Con el Santo Entierro Magno concedido por la Iglesia a la localidad sevillana de Utrera se confirmaba ayer, Sábado Santo, el triunfo de la Evangelización popular que se vislumbró en Trento, con su Concilio, hace casi cinco siglos. El ser humano, tan humano, necesita corporeizar, es decir, materializar la abstracción de Dios, la infinita trascendencia de un ser supremo que precisa de un asidero humano para ser aquí y ahora, en este tiempo meridianamente tangible que es el tiempo que consideramos real, porque ya es sabido que el tiempo divino sobrepasa nuestras posibilidades.
El Cristo de Santiago, de mediados del siglo XV, o sea, de mucho antes del Concilio de Trento y hasta de los orígenes de la propia Semana Santa en Utrera —vinculada a la Vera Cruz—, posibilitó el magno evento y lo presidió en una tarde primorosamente organizada por el Consejo de Hermandades y Cofradías y por su Ayuntamiento, volcado con la causa. En la ciudad de Rodrigo Caro, los diez minutos de una llovizna fina que no hizo sino refrescar el ambiente de muchedumbre organizada en torno a la Plaza del Altozano consolidaban el poder taumatúrgico de este Crucificado 350 años después de haber sido nombrado patrono de los utreranos.
Corría el barroco año de 1675, cuando esa catequesis plástica que es la Semana Santa andaluza había terminado de consolidarse como indudable arma evangelizadora. Nuestra Historia del Arte, desde aquella época como mínimo –y desde antes, como ayer nos revelaban el Jesús Nazareno, el Cristo del Perdón de los Muchachos de Consolación o el Cristo de la Buena Muerte de Los Gitanos-, no ha hecho sino enriquecer la Historia de nuestra Cultura, y a la vista está que, en Utrera por ejemplo, surgieron por entonces las cofradías de San Juan Bautista y el Santo Crucifijo y, varios siglos después, la cofradía de las Angustias o de esos emblemáticos Atados a la Columna de la Vera Cruz (el atribuido a Ruiz Gijón) y de los Aceituneros, y -mucho más recientemente- ese rosario de hermandades que conforman la vida cofrade utrerana, una de las más señeras de la provincia, con el impresionante Redentor Cautivo o el cautivador Cristo del Amor, el de Los Estudiantes procedente de la basílica de María Auxiliadora, epicentro de tanta educación en esta otra ciudad capital de Don Bosco.

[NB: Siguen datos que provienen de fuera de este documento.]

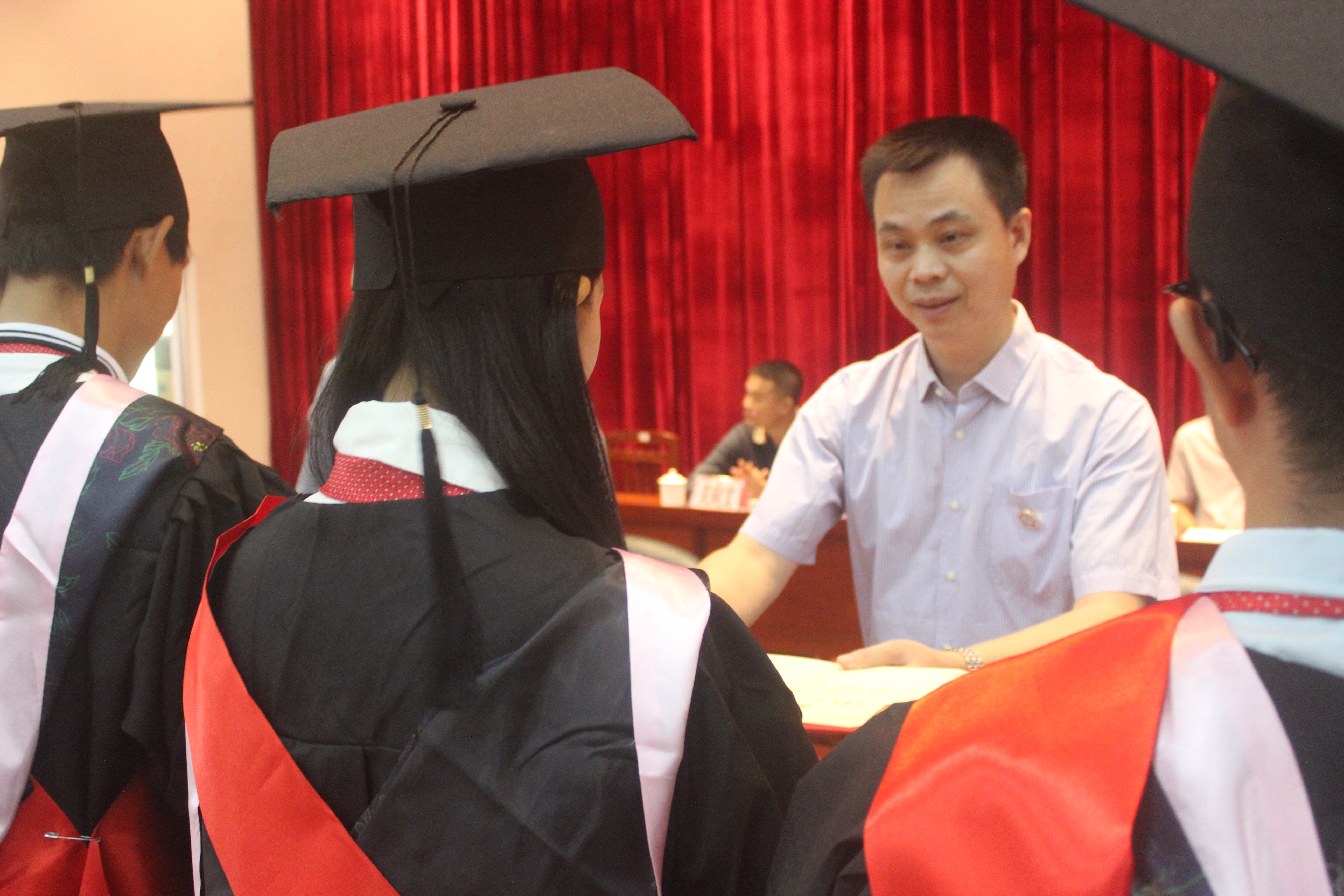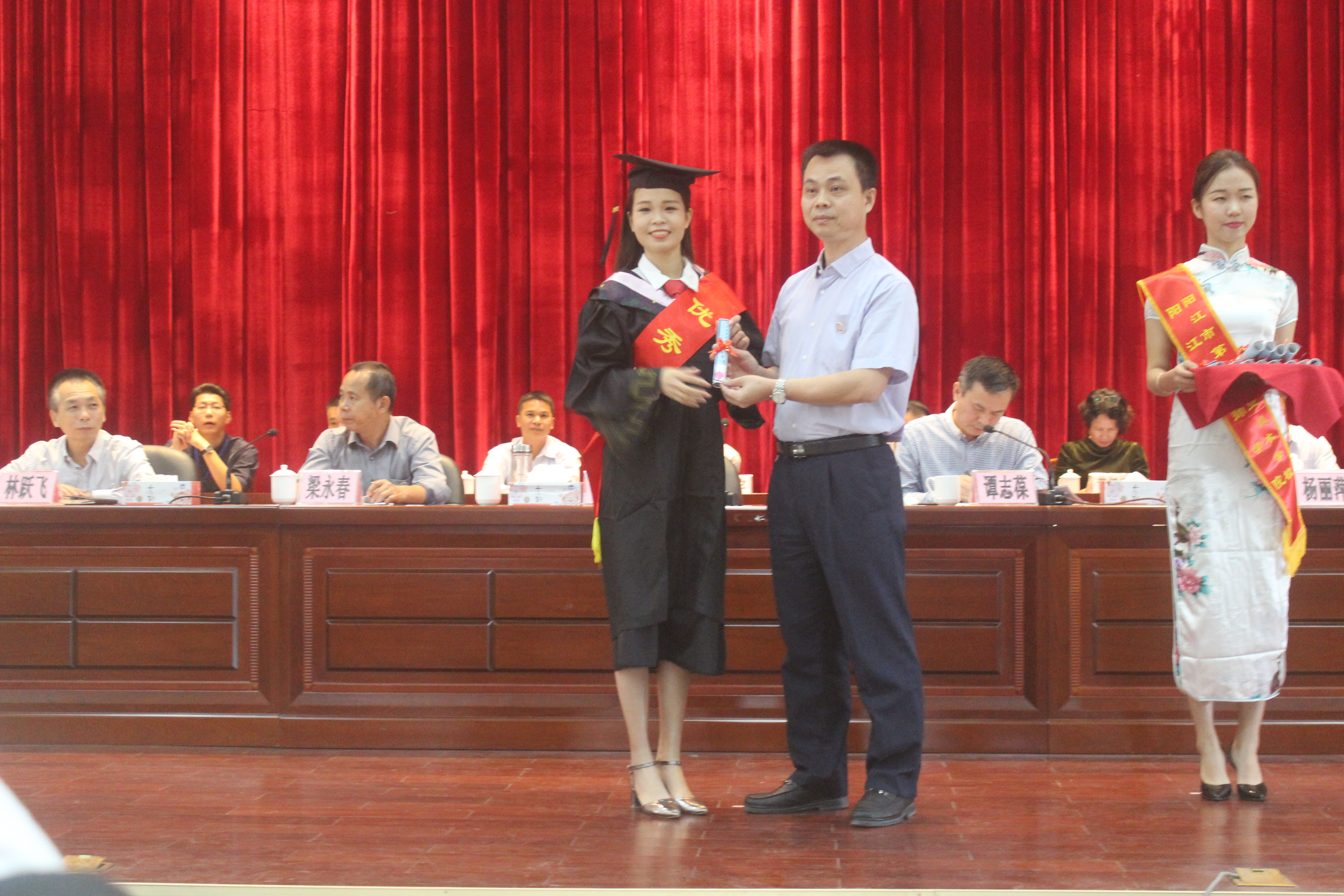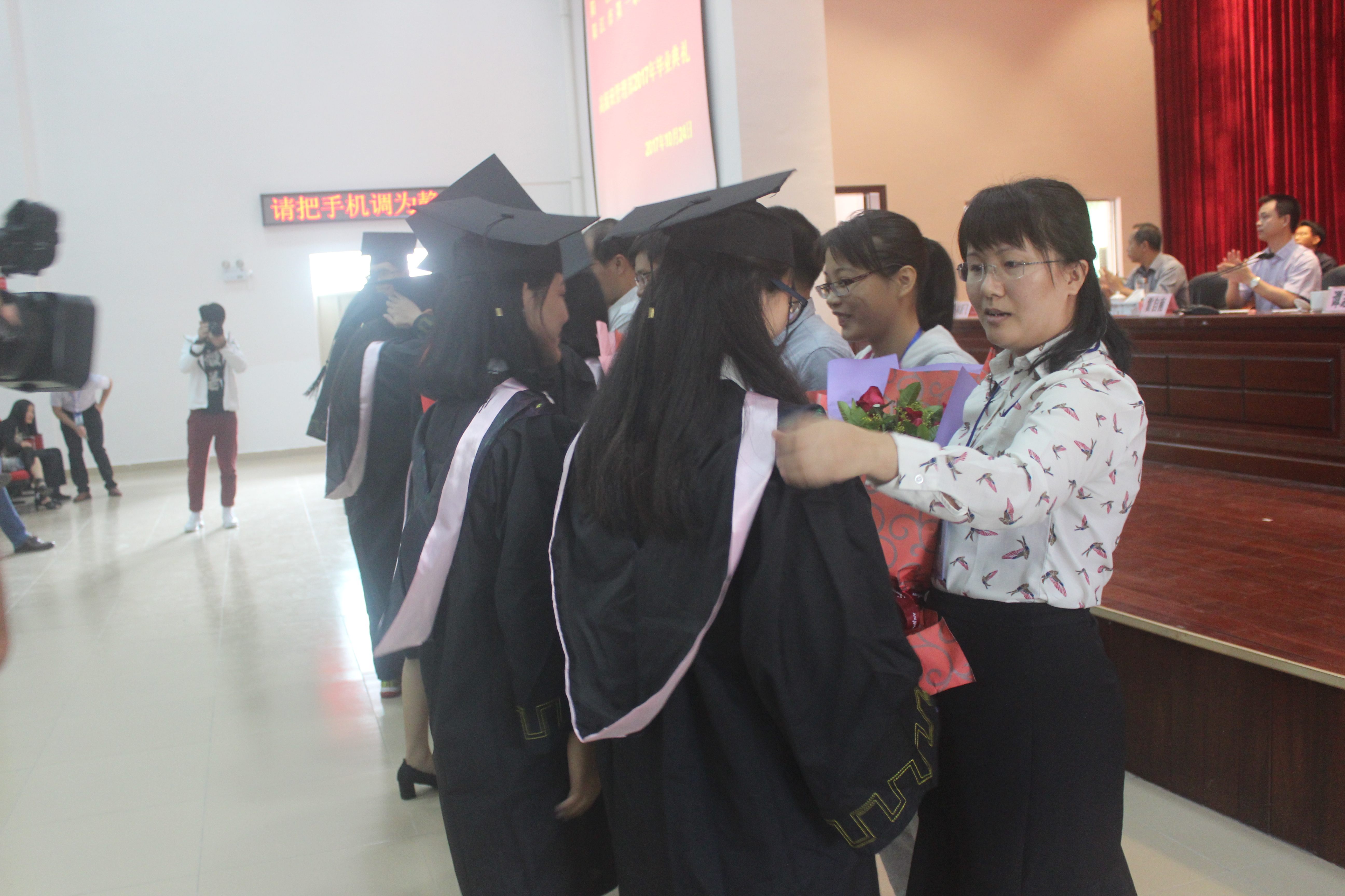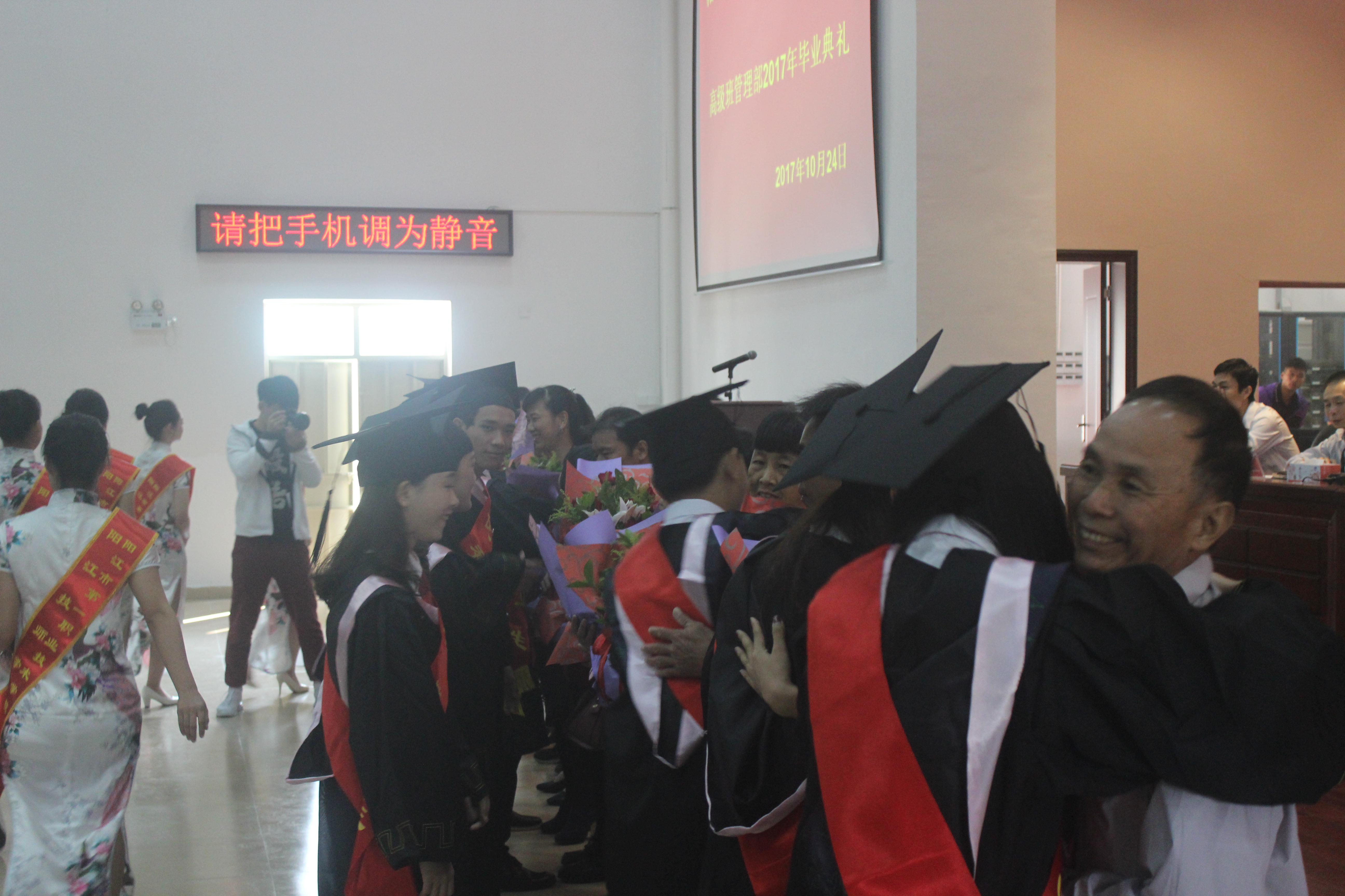 上午9时,在庄严的国歌声中,我校高级班管理部2017年毕业典礼正式拉开帷幕。副校长梁永春首先宣读了表彰高级班管理部2017年优秀毕业生的决定,之后出席毕业典礼的全体校领导为12名优秀毕业生颁发优秀奖,而为表达感恩之心,12优秀毕业生则分别向培育和养育自己的班主任与父母献上了一束束美丽的鲜花。随后,在现场师生、家长的见证下,校长雷自南亲自逐个为317名毕业生颁发毕业证书,送上毕业的祝福。

Desde la iglesia de San Francisco salieron el Santo Entierro y una enlutada Virgen de los Dolores para sellar la jornada de silencio previa a esta otra de Resurrección, la de hoy. Utrera, emblema histórico de la religiosidad popular sevillana, supo estar a la altura de tan magno acontecimiento religioso, y su saber estar apuntala la preferencia de nuestro papa, Francisco, por esta evangelización tradicional y abierta al pueblo que en nada se parece a otros intentos que han proliferado últimamente por evangelizar a puerta cerrada, mirándose cada cual su propio ombligo vinculado al del hermano no por su condición de cicatriz de un equivalente cordón umbilical, sino por su equivalencia socioeconómica.
El éxito de la religiosidad popular -a cielo abierto- de ayer en Utrera es también el triunfo de una Iglesia que regresa sobre sus pasos perdidos a valorar lo que el universo cofrade como interpretación y lectura minuciosa del Evangelio ha ofrecido a la sociedad.
Ha significado también la constatación de que la Palabra de Dios –y su Obra— precisan de una disposición pública y no de una predisposición privada; de una limpia mirada a la otredad y no de una íntima focalización selecta. La Iglesia, como luz del mundo y como sal de la tierra, reconoce en Andalucía, en Sevilla y en Utrera que la oveja perdida que ha de buscar constantemente no la hallará en los interesados cenáculos que surgen cada dos por tres entre su presunta intelectualidad, sino en los barrios que lloran, tal vez sin comprenderla, su propia conversión.